I am also facing this issue.Did you fix that?

abdulghani91 commented 6 months ago

@sahilbirje4551 @Asiful-Haque

If you have the same:

train: New cache created: /content/yolov7/seg/Street_dataset/train/labels.cache Traceback (most recent call last): File "/content/yolov7/seg/segment/train.py", line 681, in main(opt) File "/content/yolov7/seg/segment/train.py", line 577, in main train(opt.hyp, opt, device, callbacks) File "/content/yolov7/seg/segment/train.py", line 191, in train train_loader, dataset = create_dataloader( File "/content/yolov7/seg/./utils/segment/dataloaders.py", line 43, in create_dataloader dataset = LoadImagesAndLabelsAndMasks( File "/content/yolov7/seg/./utils/segment/dataloaders.py", line 98, in init super().init(path, img_size, batch_size, augment, hyp, rect, image_weights, cache_images, single_cls, File "/content/yolov7/seg/./utils/dataloaders.py", line 488, in init bi = np.floor(np.arange(n) / batch_size).astype(np.int) # batch index File "/usr/local/lib/python3.10/dist-packages/numpy/init.py", line 319, in getattr raise AttributeError(__former_attrs__[attr]) AttributeError: module 'numpy' has no attribute 'int'. np.int was a deprecated alias for the builtin int. To avoid this error in existing code, use int by itself. Doing this will not modify any behavior and is safe. When replacing np.int, you may wish to use e.g. np.int64 or np.int32 to specify the precision. If you wish to review your current use, check the release note link for additional information. The aliases was originally deprecated in NumPy 1.20; for more details and guidance see the original release note at:

I managed to solve the issue and run the training.
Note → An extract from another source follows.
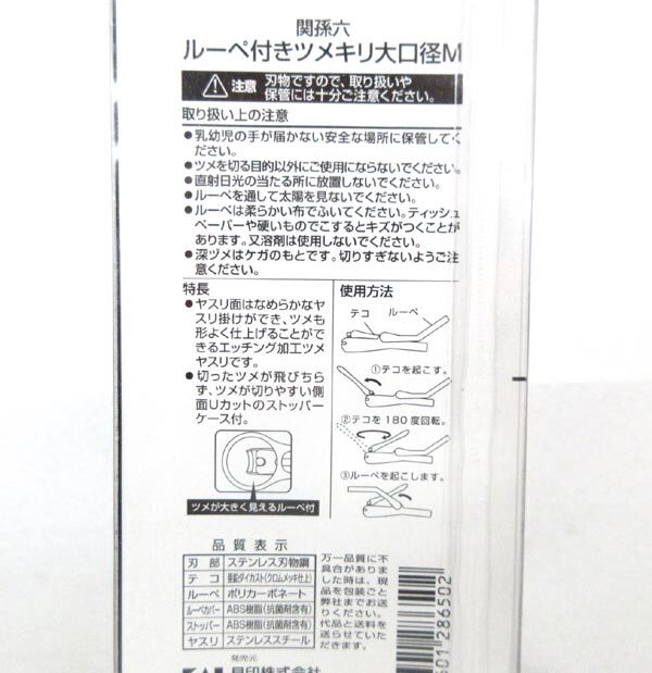 内 容 ■貝印 関孫六 ルーペ付きツメキリ 大口径 M(HC-3528)

Go to seg/utils/dataloaders.py (I am using the u7 branch for segmentation). Then, navigate to line 488 and make the following changes:

original: bi = np.floor(np.arange(n) / batch_size).astype(np.int)

change: .astype(np.int) ===> to .astype(np.int)

bi = np.floor(np.arange(n) / batch_size).astype(np.int64)

this will fix your problem.

I fixed it and ran the training on Colab; it works fine now.